Benchmarking KV-Cache Optimizations across Task Quality and System Performance for Long-Context Serving
Benchmarking KV-Cache Optimizations across Task Quality and System Performance for Long-Context Serving
针对长上下文服务中 KV-Cache 优化的任务质量与系统性能基准测试
Large language model serving is increasingly limited by KV-cache growth under long-context workloads, yet existing KV-cache compression techniques are difficult to compare because they were evaluated on different models, tasks, budgets, and serving stacks. 在大语言模型服务中,长上下文负载下的 KV-Cache 增长日益成为瓶颈。然而,现有的 KV-Cache 压缩技术由于在不同的模型、任务、预算和推理架构上进行评估,导致它们之间难以进行横向比较。
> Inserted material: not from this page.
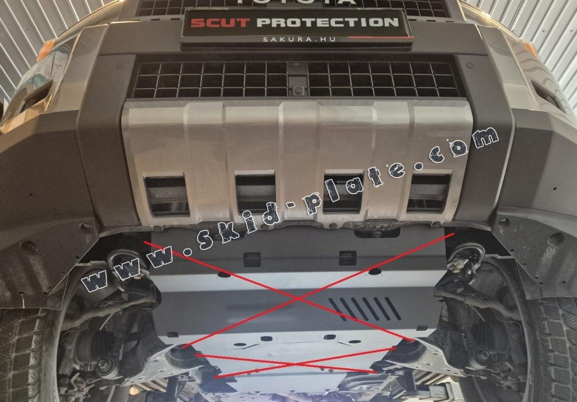 Skid plate for the protection of the: gearbox, Transfer case . The skid plate is new and fits perfectly for all versions of Toyota Land Cruiser 250 manufactured between 2024 and 2026. Made out of 3 mm thick Steel plate. Screws, nuts, clips, all fastening accessories are included. All skid plates are powder coated to prevent corrosion. The exterior of the skid plate is provided with Steel reinforcements, which increases the resistance to impact. |

This paper presents a workload-aware benchmark of representative KV-cache optimization mechanisms spanning quantization, pruning, and merging, including KIVI, TurboQuant, SnapKV, and CaM, evaluated on LongBench-style multi-document QA, single-document QA, few-shot learning, and summarization workloads using Llama-3.1-8B-Instruct and Mistral-7B-Instruct-v0.3. 本文提出了一个面向负载的基准测试,涵盖了量化、剪枝和合并等代表性 KV-Cache 优化机制(包括 KIVI、TurboQuant、SnapKV 和 CaM)。研究使用 Llama-3.1-8B-Instruct 和 Mistral-7B-Instruct-v0.3 模型,在 LongBench 风格的多文档问答、单文档问答、少样本学习和摘要生成等负载上进行了评估。
The benchmark measures task quality, mean output throughput, mean time-to-first-token, and realized compression ratio across context-length buckets. 该基准测试衡量了不同上下文长度区间内的任务质量、平均输出吞吐量、平均首字延迟(Time-to-First-Token)以及实际压缩比。
The results show that the compression ratio alone is a poor predictor of end-to-end performance. KIVI4 provides the most stable quality across models, SnapKV delivers the strongest long-context throughput, and CaM yields large gains on selected QA workloads but exhibits substantial workload sensitivity in both quality and realized compression ratio. 结果表明,仅凭压缩比无法准确预测端到端的性能表现。KIVI4 在不同模型间提供了最稳定的质量;SnapKV 实现了最强的长上下文吞吐量;而 CaM 在特定问答负载下表现优异,但在质量和实际压缩比方面表现出显著的负载敏感性。
These findings motivate workload-aware selection of KV-cache mechanisms rather than one-size-fits-all compression and provide deployment guidance for long-context serving systems. 这些发现表明,针对 KV-Cache 机制的选择应基于负载特性,而非采用“一刀切”的压缩方案,并为长上下文服务系统的部署提供了指导建议。